2. Garden party also suggests the Garden of Eden theme that runs all through the book (from the appearance of Eve and Adam in the first sentence) and, hence, the Fall of Man and, thus, in the same line of dream symbolism, the Fall of Finnegan from which the book takes its title.

3. The Fall of Man in the Garden of Eden links up with the dreamer’s guilt about some mysterious “sin” he committed in the bushes in Phoenix Park, Dublin.

4. “God” and “din” suggest the thunder god, Thor, who is one of the principal characters in the dream—possibly because the thunder strikes ten times during the night.

5. God-in-potty suggests, to anyone raised Catholic, the Host in the chalice, the bread that becomes the Body of God when the priest speaks the magic formula over it.

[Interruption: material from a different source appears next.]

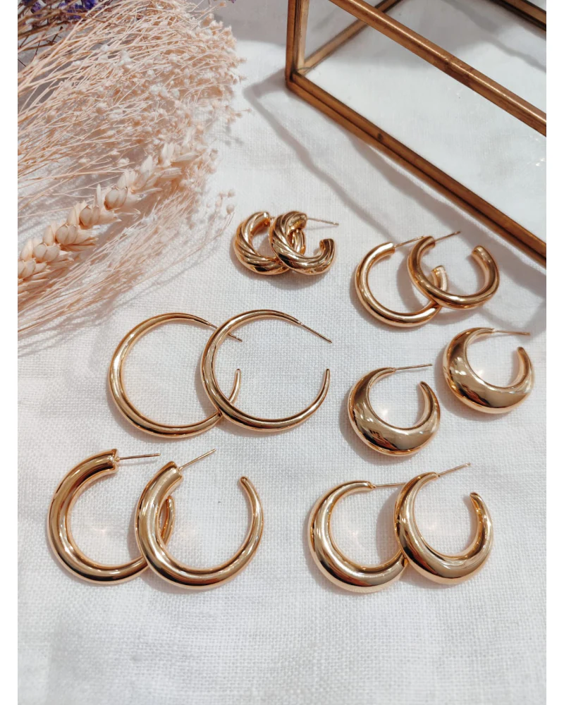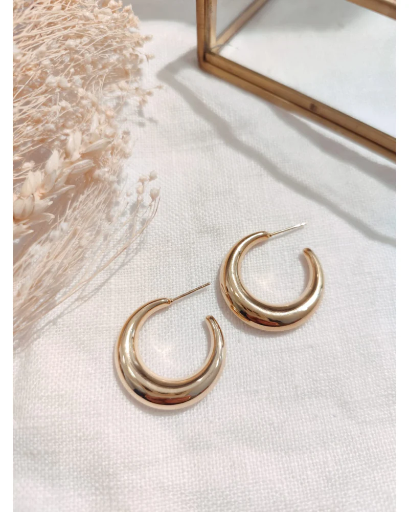 Fabriquées en acier inoxydable doré, elles ne ternissent pas et résistent à l’eau, garantissant un éclat durable. Légères et agréables à porter, elles offrent une brillance sophistiquée tout en restant confortables, quelle que soit la taille choisie.

6. But the dreamer himself is the Host, in two senses: (a) in waking life, he is Host of an inn; (b) throughout the dream, he is periodically denounced, condemned, executed, and devoured cannibalistically, and rises from the dead. This repeats the pattern of the Christ myth, just as the blessing and eating of the Host in the Mass does. It also repeats all the other dead-and-resurrected vegetation gods in Jung’s collective unconscious. (In the Freudian personal unconscious, the trials and executions represent the dreamer’s sexual guilts.)

7. “Potty” again brings in the dreamer’s infantile urinary obsessions.

It will be observed that in analyzing only two phrases (three words) from the Wake, we have stumbled upon virtually every important theme of the dream, of the hero’s personal unconscious, and of humanity’s collective DNA archives. Joyce doesn’t pack quite that much into every phrase, of course; but if you have found only two levels of reference in one of his puns, you have probably missed at least two others, and maybe as many as in these examples.

Finnegans Wake is not just a great novel and a semantic symphony; it contains a whole science of psychoarchaeology and historical neurolinguistics. As John Gardner said of it, “Joyce dredged in that book. No other human being in the history of the world, including Beethoven, has ever given every single piece of emotion and thought and feeling the way Joyce did. He dredged up every ounce of his soul, every cell, every gene.”